> **Exercise material**:
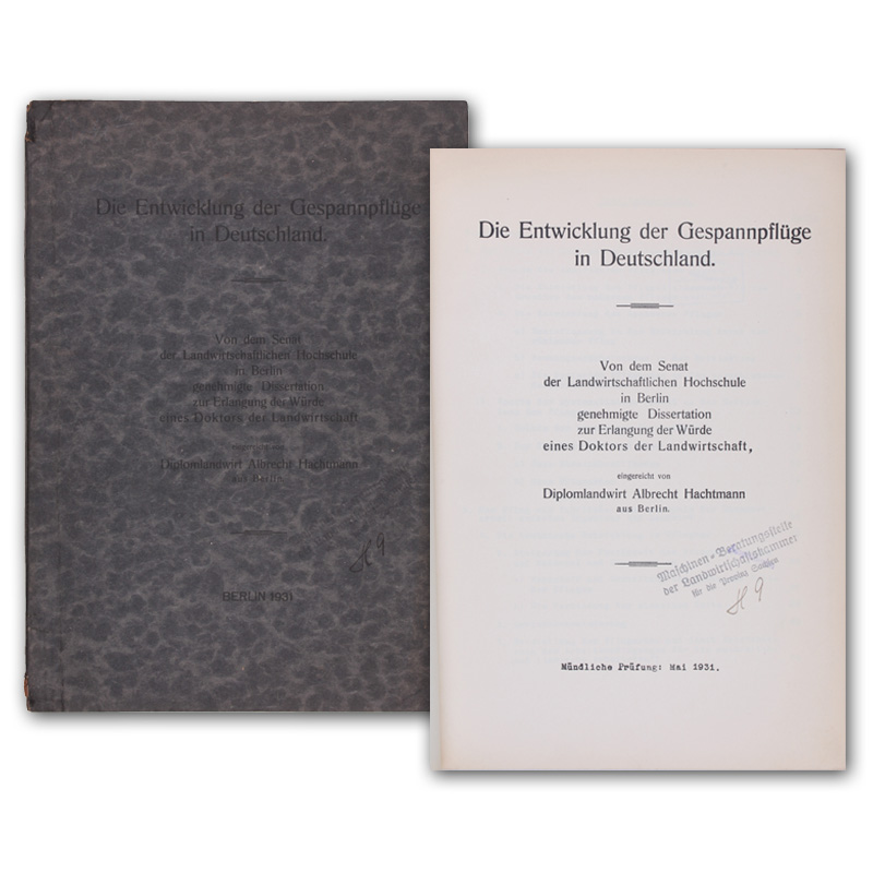 Die Entwicklung der Gespannpflüge in Deutschland. Dissertation.
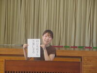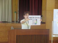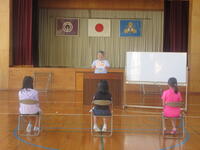 式の終わりには、生徒指導に関する担当職員が、「自分も相手も大事にする」という話の中で、特に、友達や家族、先生、地域の方々の気持ちをよく考えて過ごすこと、さらには、保健指導担当職員が、「生活リズムを整えて過ごす(決まった時間に起きる・寝る、朝ご飯をしっかり食べる、昼間しっかり活動する)」ことの大切さや、熱中症・感染症対策をしながら、元気に過ごすことについて話してくれました。私たち職員も、子どもたちと一緒に元気いっぱい過ごしていきたいと思います。2学期も、どうぞ浦城小学校をよろしくお願いいたします。
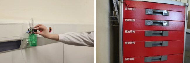 此外,急救用药、插管用物等装备齐全的抢救车及氧气瓶也在门诊楼的每一层“待命”,可随时快速处理异常情况。在门诊楼二层中心治疗室,还增设了氧气表头及负压吸引等以备不时之需,把“一切为民”的服务落实到每一个细微之处。
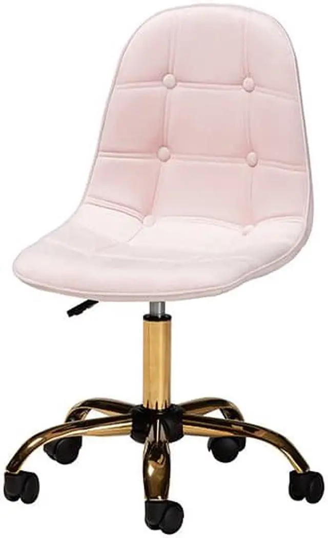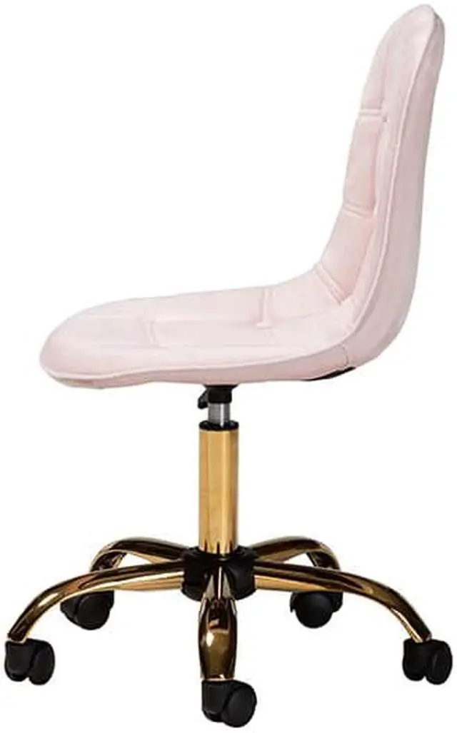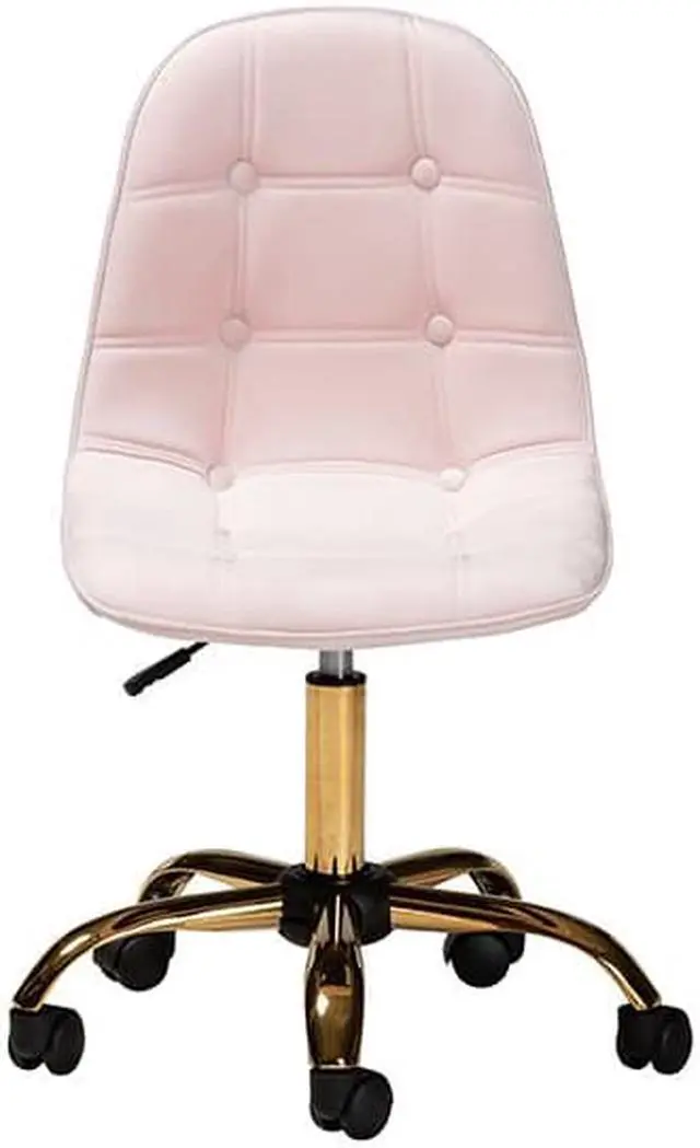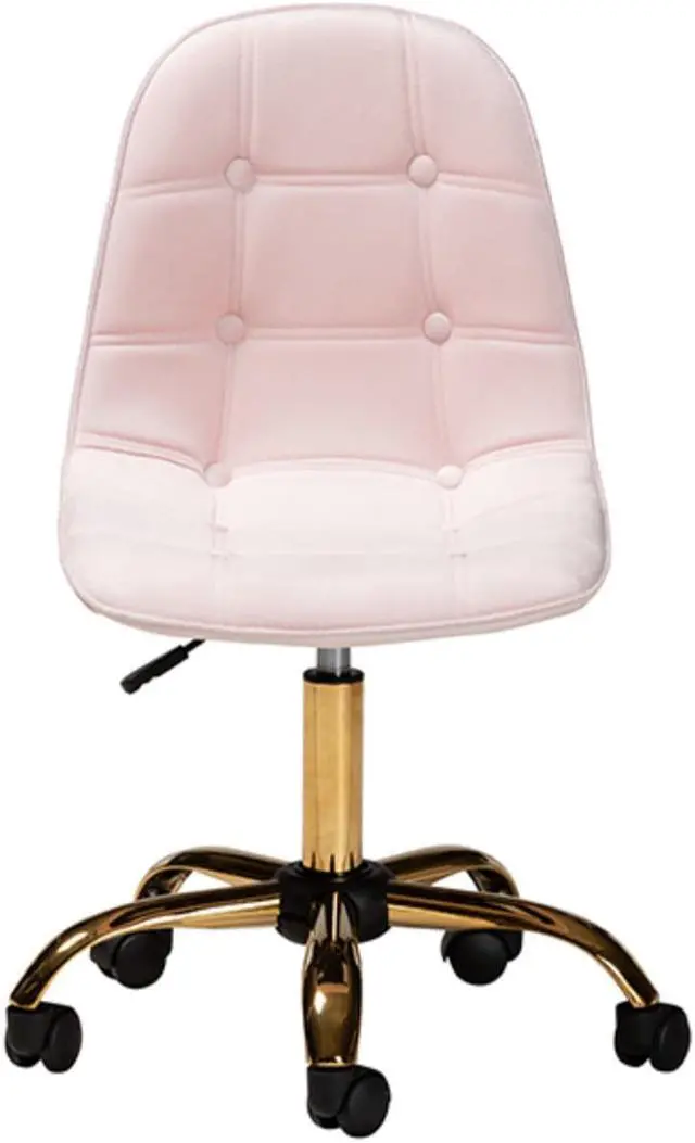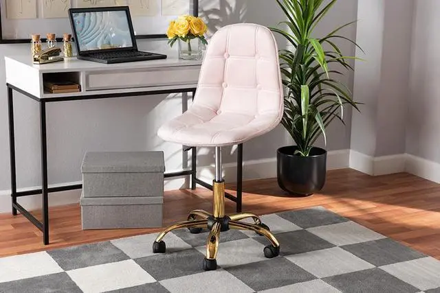 Uplift the style of your home office with the charming Kabira office chair. Made in China, this stunning piece consists of a solid metal base topped with an enticing velvet fabric upholstered seat. Button tufted accents exude graceful personality, while the rounded silhouette presents an inviting display. The Kabira requires assembly and features caster wheels for superb mobility. 360-degree swivel capability and adjustable height conveniently accommodate your needs, making the Kabira office chair a wonderful addition to any home office.
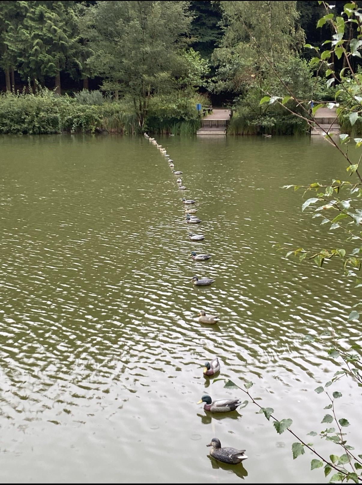 That is not ducks. That is decoys made from ether plastic or wood. But “Putting wooden decoys in a row” don’t have the same ring to it.

> **Description of the task**: Skip every picture and return the lines above from the top through the one that contains "此外,急救用药、插管用物等装".

> **Written solution**:
 Die Entwicklung der Gespannpflüge in Deutschland. Dissertation.
 式の終わりには、生徒指導に関する担当職員が、「自分も相手も大事にする」という話の中で、特に、友達や家族、先生、地域の方々の気持ちをよく考えて過ごすこと、さらには、保健指導担当職員が、「生活リズムを整えて過ごす(決まった時間に起きる・寝る、朝ご飯をしっかり食べる、昼間しっかり活動する)」ことの大切さや、熱中症・感染症対策をしながら、元気に過ごすことについて話してくれました。私たち職員も、子どもたちと一緒に元気いっぱい過ごしていきたいと思います。2学期も、どうぞ浦城小学校をよろしくお願いいたします。
 此外,急救用药、插管用物等装备齐全的抢救车及氧气瓶也在门诊楼的每一层“待命”,可随时快速处理异常情况。在门诊楼二层中心治疗室,还增设了氧气表头及负压吸引等以备不时之需,把“一切为民”的服务落实到每一个细微之处。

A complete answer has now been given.